She said it affectionately, mildly, the way a mother might speak to an obstinate child. And his response was a child’s as well, taking his cue from her, as he’d done for nearly twenty carefree years.

“I can’t go to him, anyhow. I have no idea where he spends his time.”

“That’s true,” agreed Sonja. “But you might begin at Trattner’s coffeehouse.”

* * *

Thus began perhaps the strangest week of my grandfather’s duration — one that reminded him, unpleasantly, of his vigil at the Jandek years before. Each day at noon he found himself standing in front of Trattner’s gargantuan window, peering in through its varicolored glass, then making his way cautiously inside — suffering the scrutiny of the regulars, who made no effort to conceal their curiosity — and finding a seat in the darkest available nook. Trattner’s was a more reputable establishment than the Jandek, but Kaspar felt no more at ease at its immaculately polished marble tables than he had in the Jandek’s stained and threadbare booths. He felt incongruous in that hushed bourgeois temple, every inch the Czech from the provinces, a feeling he’d thought to have outgrown years before. His sole source of solace was the waitress, a dumpling-cheeked Serb barely out of her teens, whose haunches shook like aspic as she crossed the gleaming floor.

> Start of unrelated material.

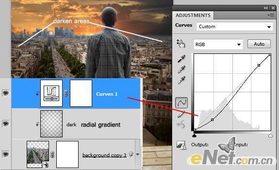 3、制作日落我们还需要让现在的背景颜色匹配,新建一个图层,选择“渐变工具”设置一个从黑到透明的渐变,绘制一个渐变,然后给他“创建剪贴蒙版”。选择“曲线”如下调整,并“创建剪贴蒙版”。

On day eight of his vigil a greasy blue mist hung in coils, refusing to congeal into a drizzle, and the people who passed Trattner’s window wore identical crestfallen looks, as though their umbrellas were conspiring against them. One heavyset man — about Kaspar’s age, with a close-cropped head and a pinched, nearsighted expression — stopped just outside the glass, calmly closed his umbrella, and handed it to a needy passerby. What a remarkable gesture, Kaspar thought absently. I approve of that fellow. By then the man was inside Trattner’s, halfway to the nearest vacant table, with the morning paper in his right hand and a comically large meerschaum in his left. It wasn’t until he placed his order with the Serb that Kaspar recognized him. That voice could belong to no other.

“A large mocca, at room temperature, with a small cube of unsalted butter,” said Waldemar crisply. “A bowl of goulash, cold, with a pumpernickel roll cut into fourths. Two fingers’ worth of anise-flavored brandy, lightly peppered.” The Serb nodded as he marched through his preposterous order, showing no surprise at any of it. He was shabbily dressed, but his shabbiness had something affected about it, even genteel. He’s putting on airs, Kaspar thought. And he’s doing it well.

Waldemar sat straight-backed in his chair, his eyes nearly closed, while the waitress waddled off to place his order. She returned straightaway with the mocca and brandy, setting her tray down circumspectly, so as not to disturb the great man’s reverie.

Kaspar marveled at his brother’s aplomb, at his consummate lack of self-consciousness, at his world-weary poise; he couldn’t entirely suppress a twinge of envy. It made little difference, suddenly, whether or not the source of that remarkable self-assurance lay in madness: he himself had never been waited on half so well. To think that I’ve been pitying him all these years, Kaspar said to himself. Actually pitying him! While he’s likely been pitying me!

This notion was almost enough to bring my grandfather to his estranged brother’s table; almost, Mrs. Haven, but not quite. The habit of aloofness — of cowardice, better said — was too deeply ingrained by that time. He kept still, barely sipping his mélange, doing his best to blend in with the upholstery. For the moment it was best to watch and listen.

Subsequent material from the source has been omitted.